Has a person ever been caught, arraigned, tried, found guilty and executed without their true identity being established?
I believe that in theory today, and in practice in the past, it was/is often possible to “legally” change your name informally in the US. Are you talking about situations where John Williamson packed up his bags in New York City and moved to Kansas to become a homesteader and introduced himself to his new neighbors as Henry McDonald, lived under that name for several years, and then was finally convicted of a capital crime in Kansas and executed, and nobody found out that Henry was originally named John because nobody checked up on those things in 1860? Or are you only talking about cases where the defendant refuses in any way to identify himself and no biographical details can be found, or where the defendant has amnesia and nobody, including himself, can figure out who he is, but at least they know he’s guilty of a capital crime?
The latter. Somehow, someone refuses to give their name and they go through the entire process, all the way to “He’s dead, Jim!” without their real identity ever being learned.
If there had ever been a case like this, it would be my guess that we would know about it, with lots of articles in newspapers and magazines, true crime books, TV documentaries etc.
Not an execution per se, but killed in a shootout - no-one to this day knows the actual identity of the “Mad Trapper of Rat River”, aka “Albert Johnson”.
These days, the time between arrest and execution is usually well over a decade. That’s a long time for John Doe to sit around without ever telling anyone who he really is. I agree with Donnerwetter that you’d think this would be a rather famous event if it ever occurred.
The Albert Johnson case is pretty close to what I was imagining. It seems to me that such a case would be well known, but stranger things have slipped through the public mind. Something along these lines keeps tickling a back neuron - maybe a French or Quebecois case? Or maybe I’m blurring the Canuckian origins of the Johnson case there.

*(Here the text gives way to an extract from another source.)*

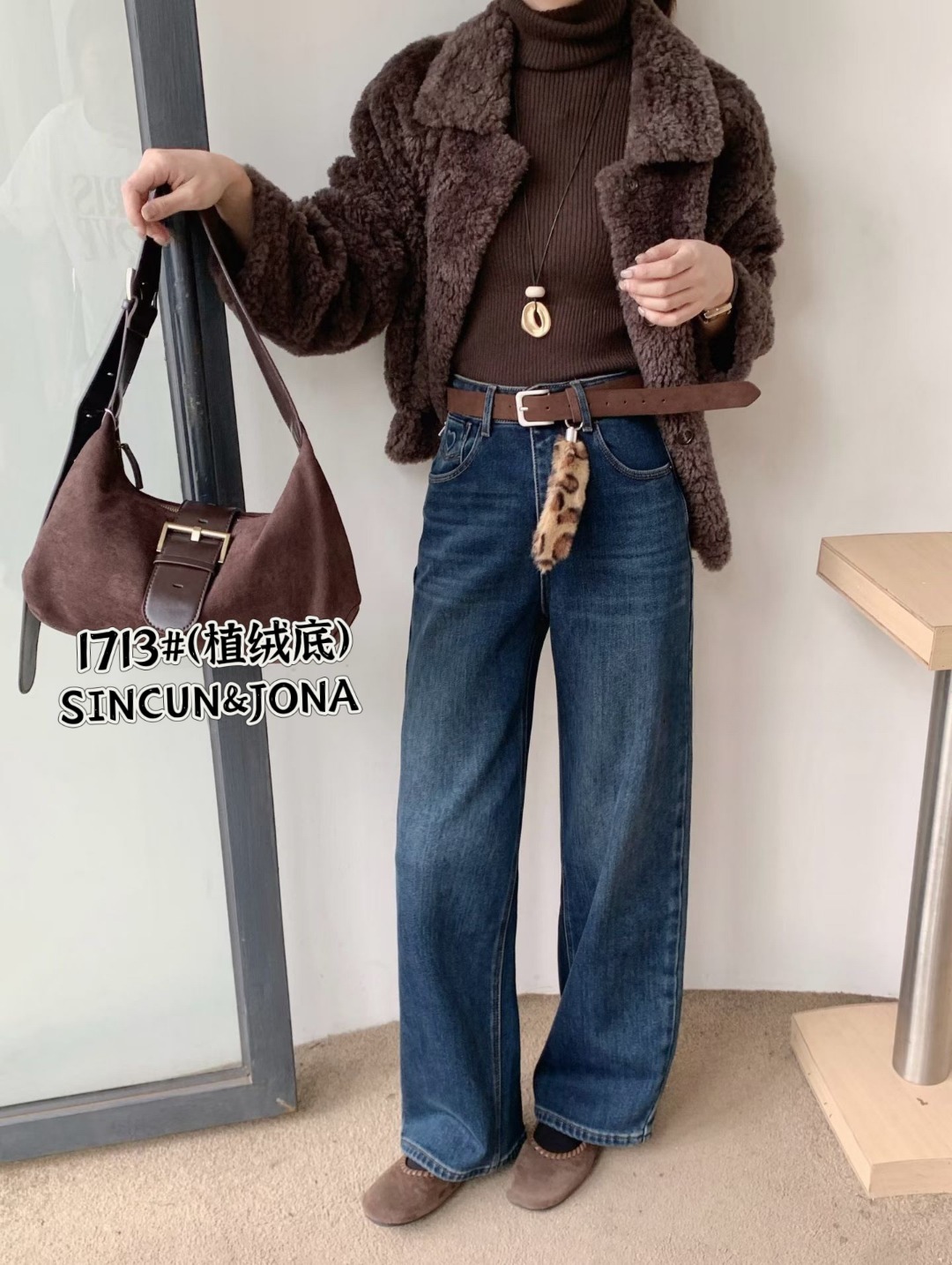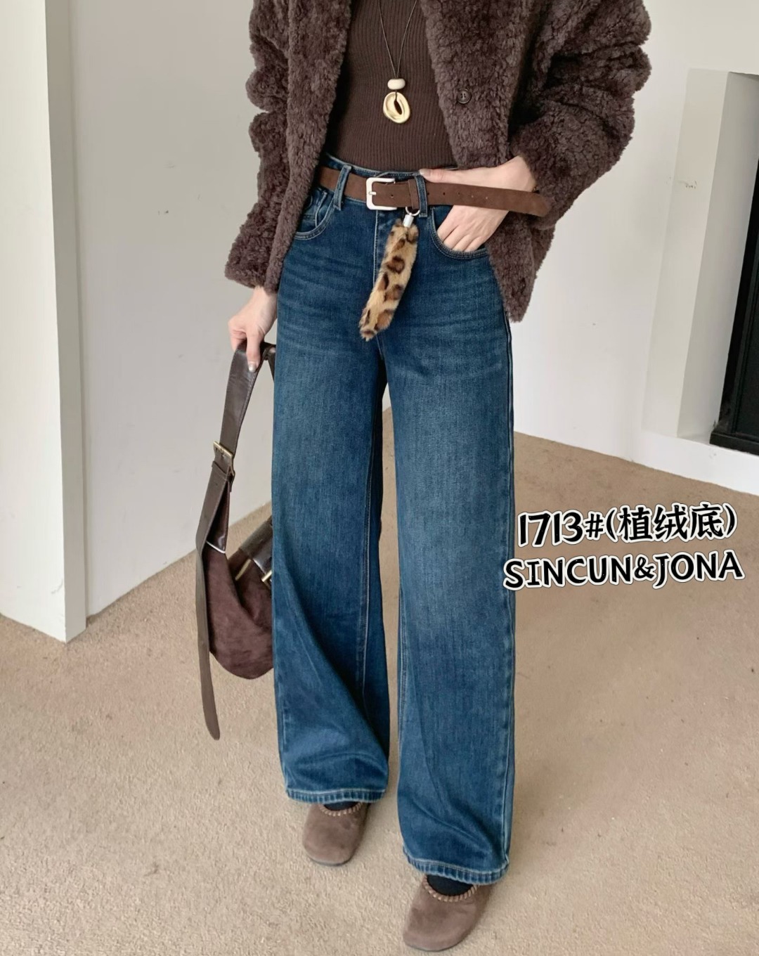 1713# 秋冬必备!美式复古抓绒牛仔裤,版型超正 这款牛仔裤采用高腰设计,穿上后不仅显瘦还特别显高

Not in the United states, although the details surrounding some executions prior to 1885 have been lost to history, sometimes including the prisoner’s name.
The Espy File is an exhaustively researched database of the 15,000+ executions documented in this country between 1608 and 2002 (the latter being the date the list was published).
Yes. Such an incident would be up there in the list of the country’s most famous mysteries. Was the “John Smith” executed in 1905 for murdering several people in plain view of a crowd of witnesses in Pittsburgh actually a former decorated Civil War hero who had succumbed to drug abuse and dementia of aging? Was he the outcast illegitimate son of a shipping magnate? Was he a disgraced former mayor of Camden, NJ? Was he an “old money” scion who had gambled away the family fortune at a racetrack and turned desperate?